Das ist keine absurde Spekulation. Es ist in der Evolution einer Art immer wieder passiert, dass manche Individuen mehr Farben sehen als andere. Irgendwann gab es z.B. einen ersten Affen, der Rot von Grün unterscheiden konnte, was die meisten Säugetiere – die nur zwei Farbrezeptoren statt drei haben – nicht können.

Unvorstellbar? Den umgekehrten Fall kennen wir gut: Es gibt Menschen, die genau das nicht können, weil eines der beiden Farbrezeptorengene, in die sich im Lauf der Affen-Evolution das Vorläufergen aufgespalten hat, nicht funktioniert. Sie sind rot-grün-blind. Das ist nicht selten: Neun Prozent der Männer sind davon betroffen, aber nur 0,8 Prozent der Frauen. (Das liegt daran, dass das entsprechende Gen auf dem X-Chromosom liegt.)

Was sieht ein Rot-Grün-Blinder, wo ein „Trichromat“ (Mensch mit drei funktionierenden Farbrezeptoren) Rot oder Grün sieht? Kann er es ihm erklären? Erfolglos. Und kann der Trichromat dem Rot-Grün-Blinden erklären, was Rot und Grün ausmacht? Soll er sagen, dass Rot heiß wie Feuer ist und Grün frisch wie eine Wiese?

So weit, so gut. Wenn die Wahrnehmungsapparate verschieden sind, dann sind die Wahrnehmungen verschieden. Das leuchtet ein. Aber was ist, wenn die Apparate gleich sind? Woher weiß ich, dass Menschen, die erwiesenermaßen Rot rezipieren können (das lässt sich durch Untersuchung der Rezeptoren wohl feststellen), Rot auch so wahrnehmen wie ich? Könnte es nicht so sein, dass ihre Empfindung beim Anblick eines objektiv roten Gegenstandes der Empfindung gleicht, die ich beim Anblick eines objektiv grünen Gegenstandes habe, und umgekehrt?

Grünes Feuer?
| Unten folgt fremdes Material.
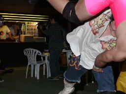 太は坂井をボディスラム、踏みつけ。逆エビに(右写真)。高木がレフェリーに押さえられている間に金村が入って逆片エビに。リリースして背中にエルボードロップ、カウント2。金村ボディスラム、エプロンに出てロープ越えプレス、その場ムーンサルトプレス、高木がカット。金村は太にタッチ。

Nein, es würde nicht ausreichen, dass wir uns darüber austauschen, dass Rot die Farbe des Feuers und daher warm ist (bzw. Grün die Farbe der Wiese und daher frisch ist). Denn für mich ist das Feuer ja genauso rot wie für alle (und Gras ist für mich genauso grün), aber ich nehme das Grün so wahr, wie die anderen Rot wahrnehmen, und umgekehrt.

Der Linguistiker Guy Deutscher nannte dieses Gedankenexperiment verächtlich „Teenager-Metaphysik“ – und hielt „die niederschmetternde Erkenntnis“ fest, „dass man nie erfahren wird, wie andere Menschen wirklich Farben sehen“. Auch nicht, wenn wir alle Aktivitäten und Verbindungen aller Neuronen exakt messen könnten.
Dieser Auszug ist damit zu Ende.